15. Account Closure: Data Deletion
To close your Account or to request that the PII or PHI we have about you be deleted, please email us at to email@example.com. Once we receive your request and authenticate your identity we will remove your Account from active use. If you do not re-activate your Account within 12 months, we will delete your Account Record, but we will keep some PII as described in Section 9. If you wish to delete your Account Record immediately, but subject to Section 9, indicate so in your email to us.
16. Challenge Compliance
If you believe that we have not adhered to this Privacy Notice you may challenge our compliance with this Privacy Notice and our compliance with privacy laws applicable to it.
We are not responsible for the PII or PHI handling practices of third-party service providers to whom you consented to access your information, whether on our behalf or otherwise. If your complaint has to do with the privacy practice of those providers, we will direct you to them.
Please notify our Chief Privacy Officer of your complaint by emailing at firstname.lastname@example.org
You can also reach us at:
Honeybee Hub Inc. 100 College St. Suite 250 Toronto Ontario M5G 1L5 Canada
We pledge to address your complaint promptly. If we cannot resolve your complaint to your satisfaction you can file a complaint with the Office of the Privacy Commissioner of Canada or the Office of the Privacy Commissioner of Ontario.

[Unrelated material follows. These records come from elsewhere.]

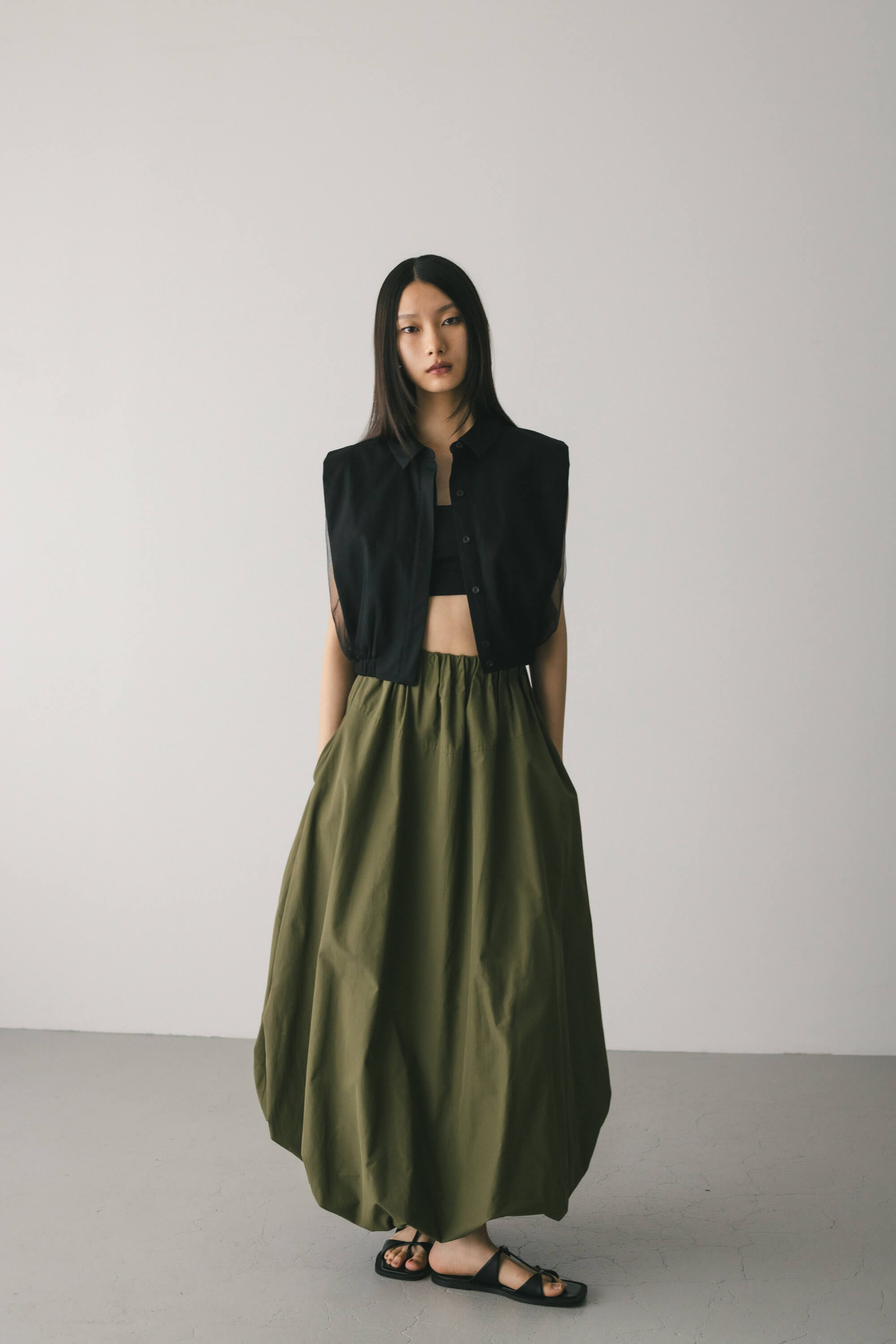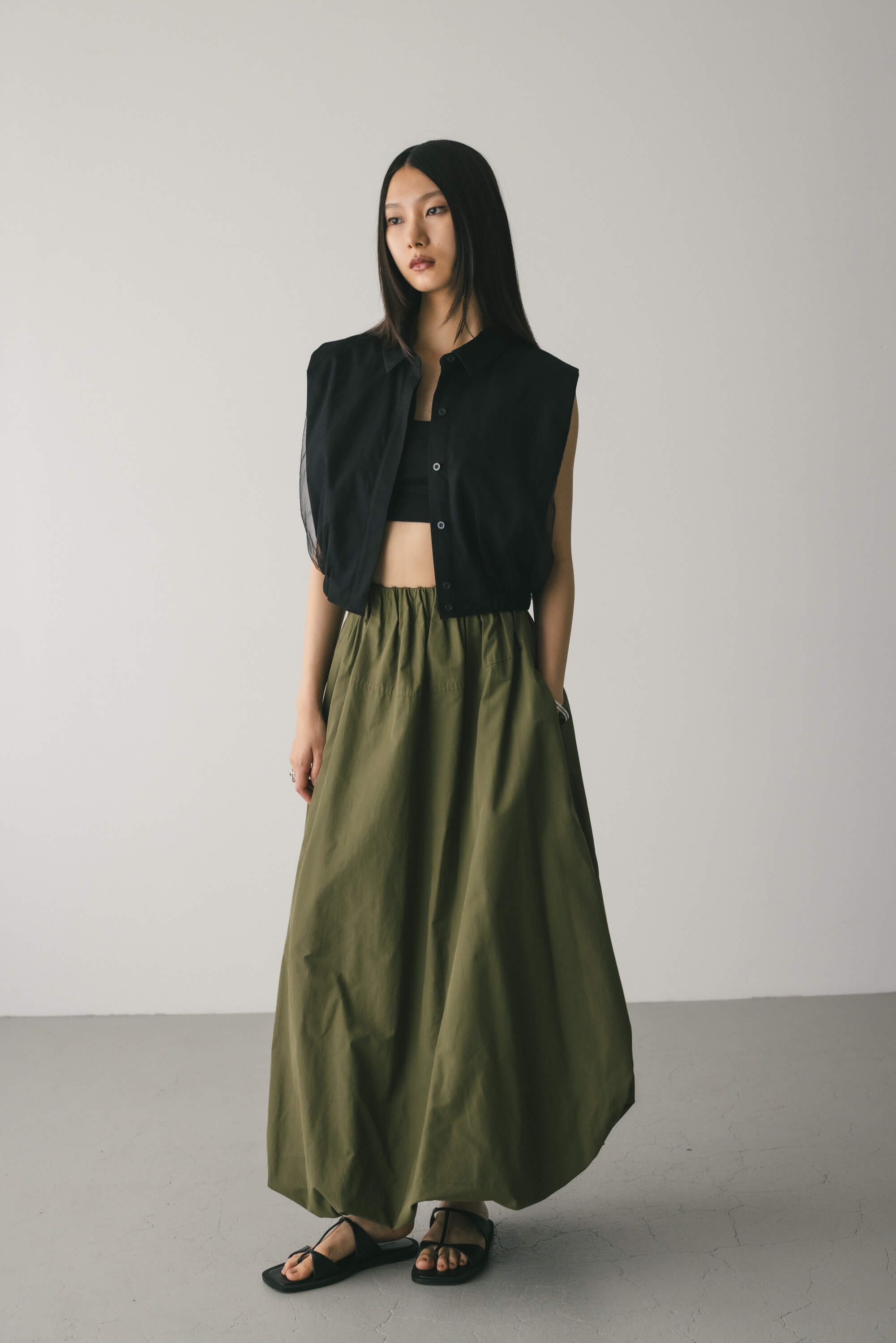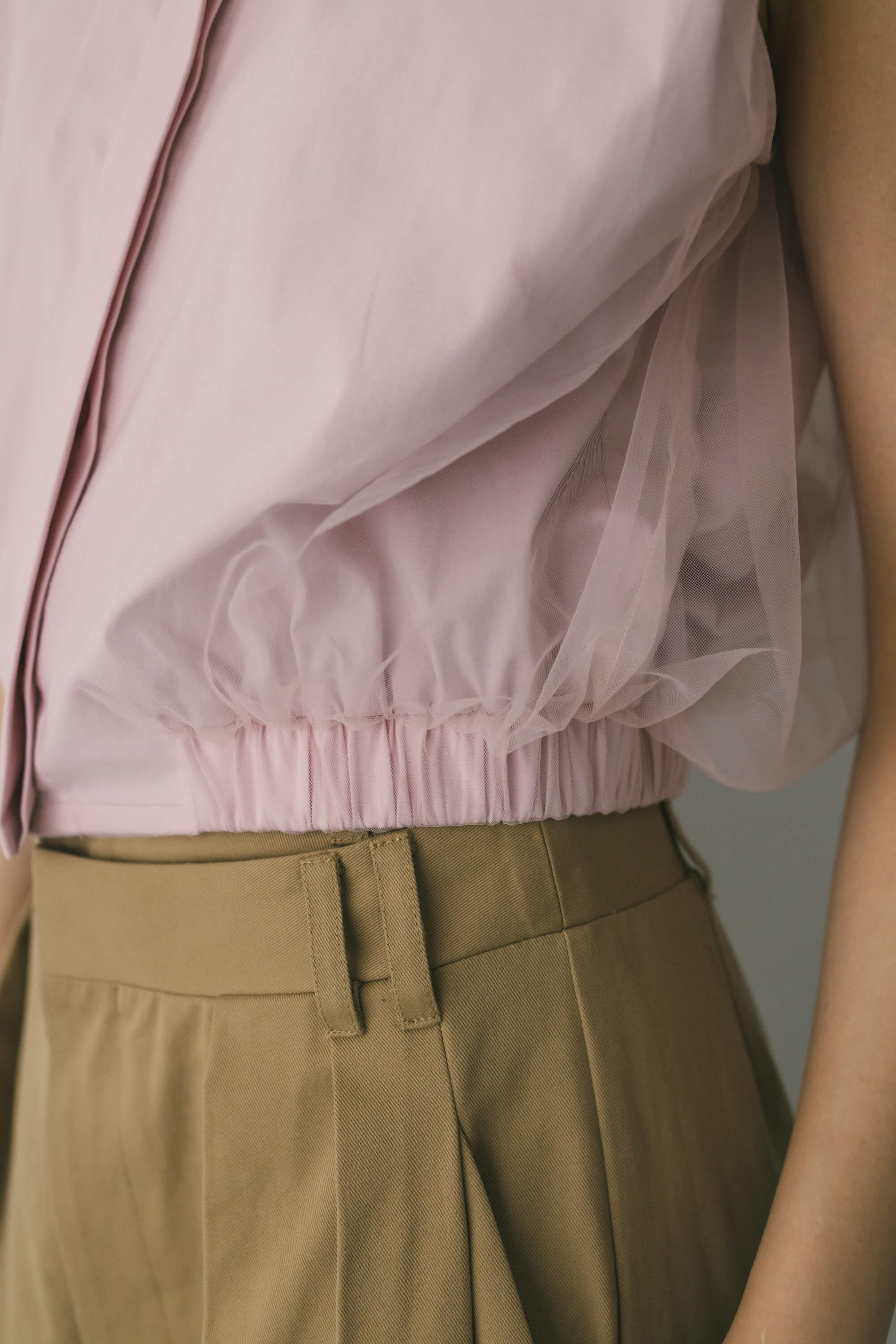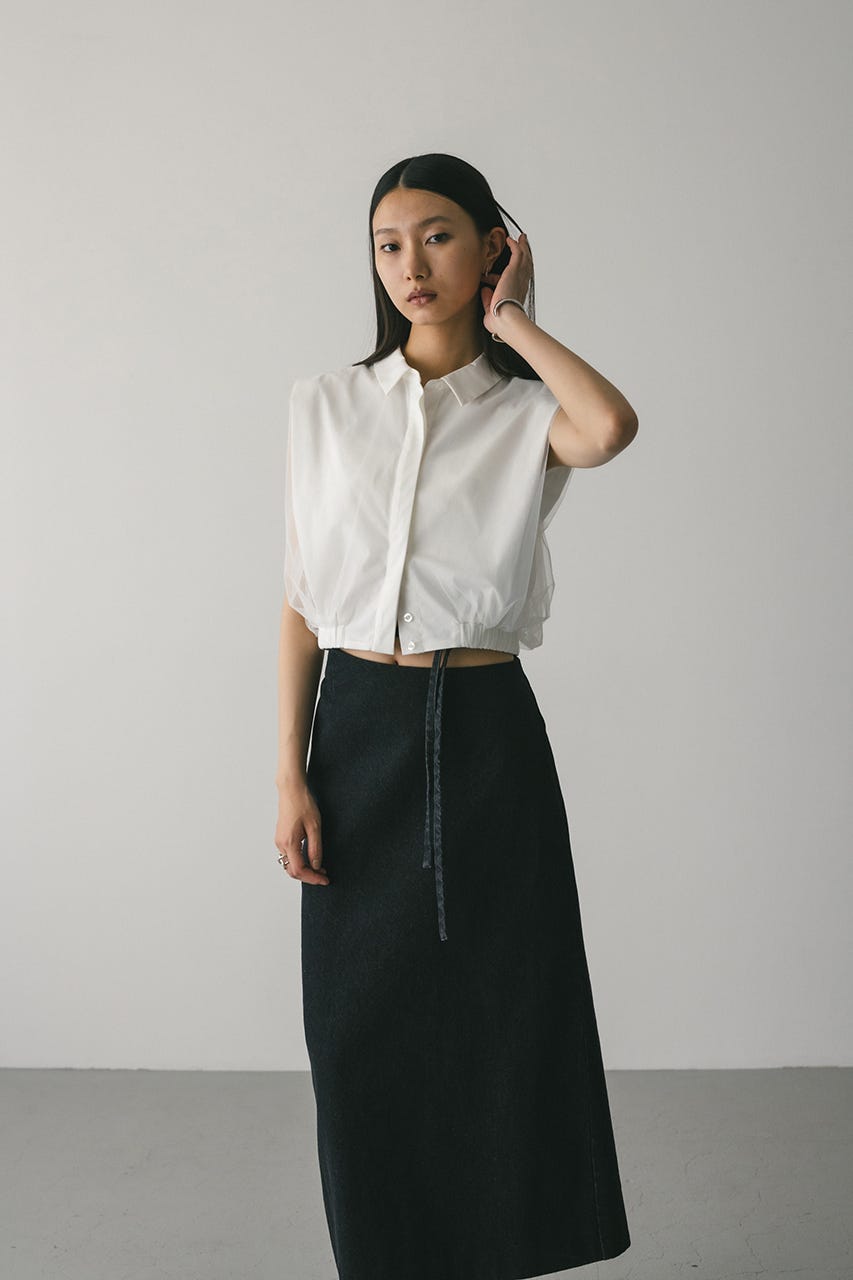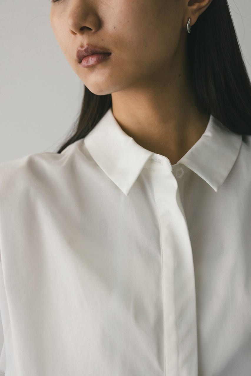 シャツとチュールをドッキングしたコンパクトレイヤードシャツ。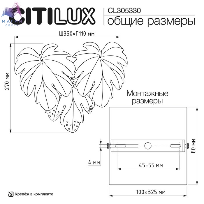 Бра Citilux DRYAD CL305330. Материал: металл/стекло. Цвет: золото/белый/прозрачный.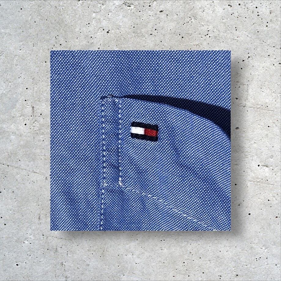 商品名:TOMMY HILFIGER トミーヒルフィガー フラッグロゴ 半袖シャツ ボタンダウンシャツ ワンポイントロゴ刺繍 ビッグサイズ オーバーサイズ CHINA製 XLサイズ ライトブルー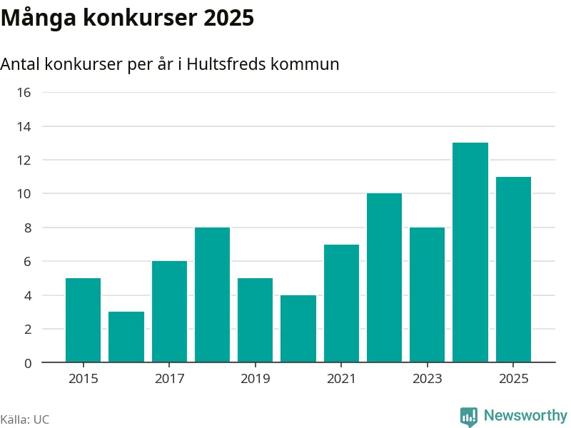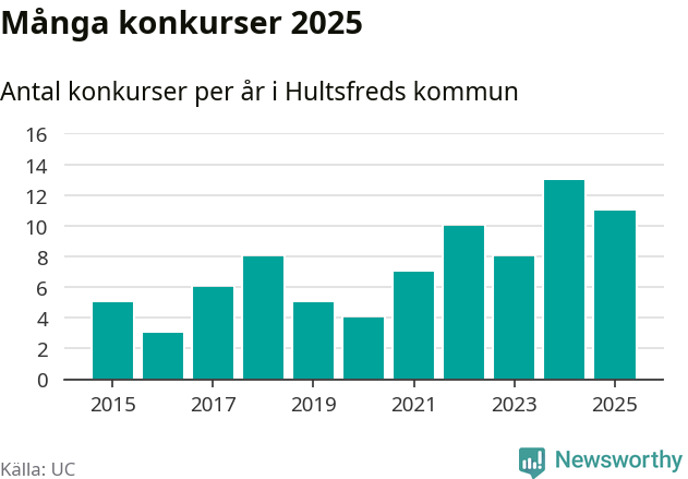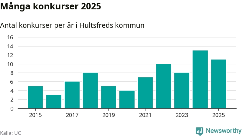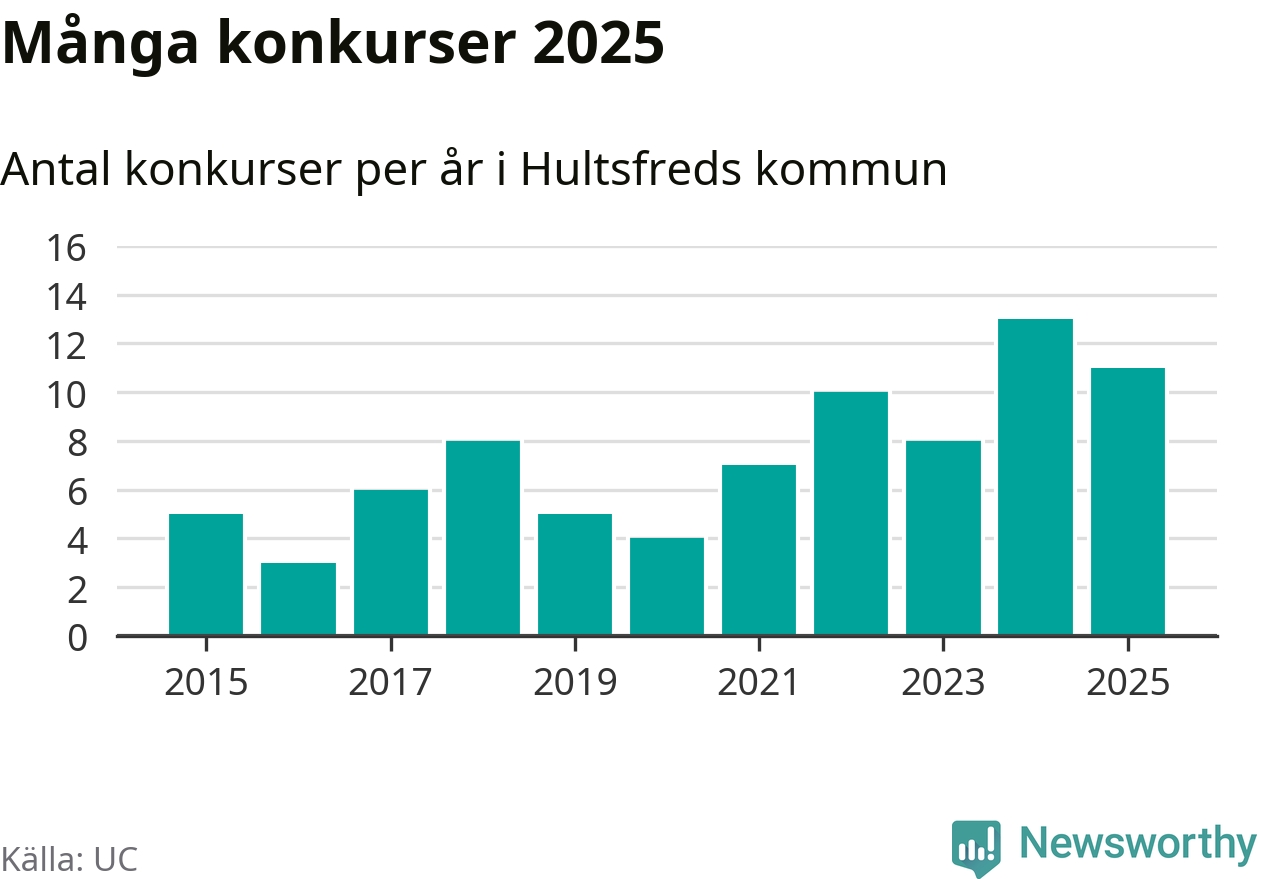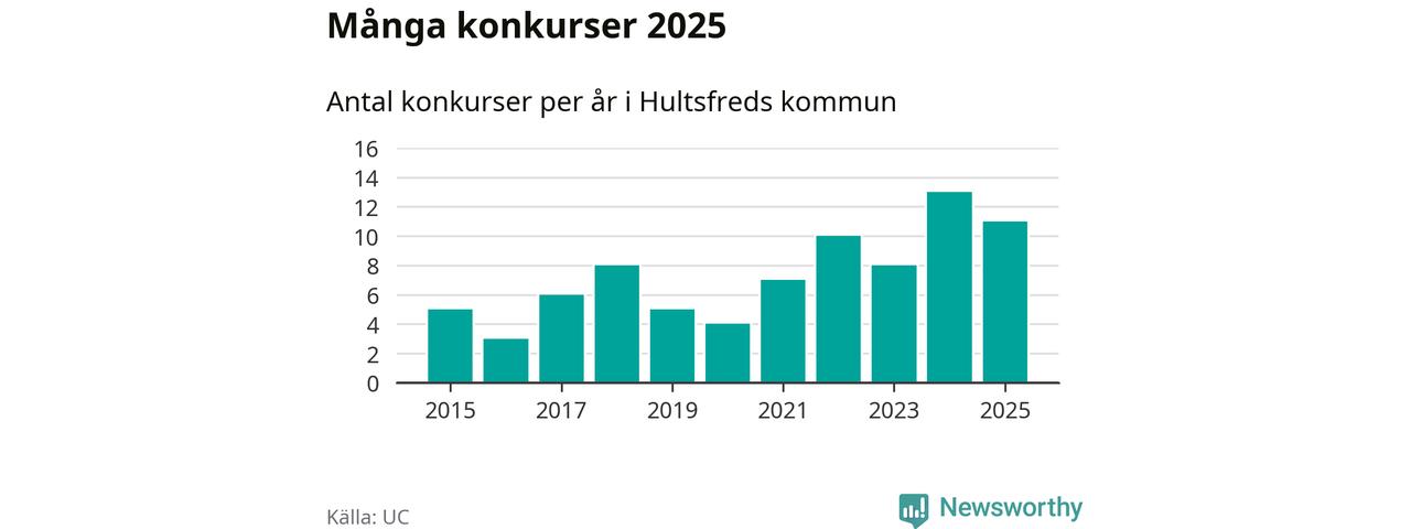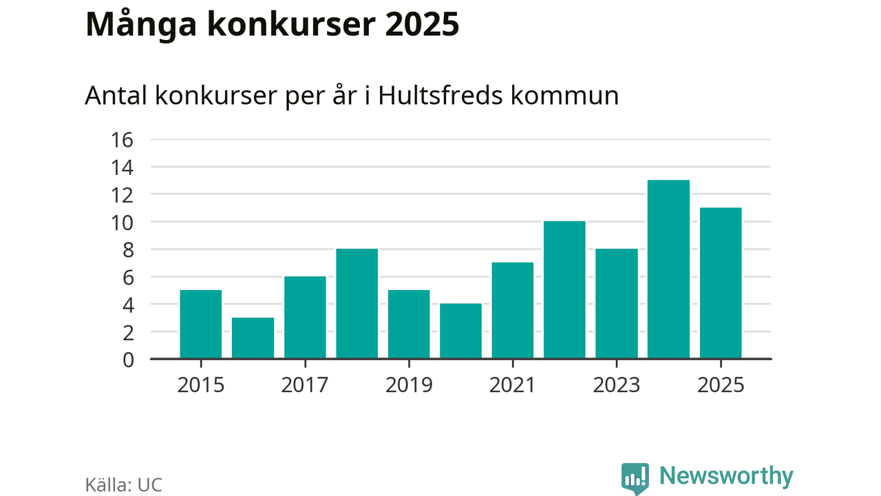 Under år 2025 gick sammanlagt elva bolag med säte i Hultsfreds kommun i konkurs. Det är två färre än året innan. Toppåret, sedan 2015, var just 2024 sett till antalet konkursföretag. Det visar ny statistik från UC.

If you are unhappy with the response you receive from us, we hope you would contact us to resolve the issue, but you may also lodge a complaint with the data protection authority in your home country. They can advise you how to submit a complaint.
17. Changes to This Privacy Notice
We may change or update this Privacy Notice from time to time. All changes and updates are logged in the CHANGE LOG section below.
When our Privacy Notice changes, the Site, the WebApp, and the Mobile App will display a notice prompting you to review the changes.
If we make substantive changes to this Privacy Notice, then in addition to displaying a notice on the Site, the WebApp, and the Mobile App we may also notify you by email at the email address associated with your Account.
The changes to the Privacy Notice will take effect on the date on which they were made or on the date provided in the notice.
By continuing to use the Site, the WebApp and the Mobile App, or the Services after you receive the notice you IMPLICITLY CONSENT TO BE BOUND BY THE PRIVACY NOTICE TERMS IN EFFECT ON THAT DATE ON WHICH YOU VISIT THE SITE, THE WEBAPP, OR THE MOBILE APP.
LAST UPDATED on March 4, 2020.
CHANGE LOG: March 4, 2020 - Added a section in Section 3 that explians what happens with user PII and PHI if Honeybee is acquired by another company.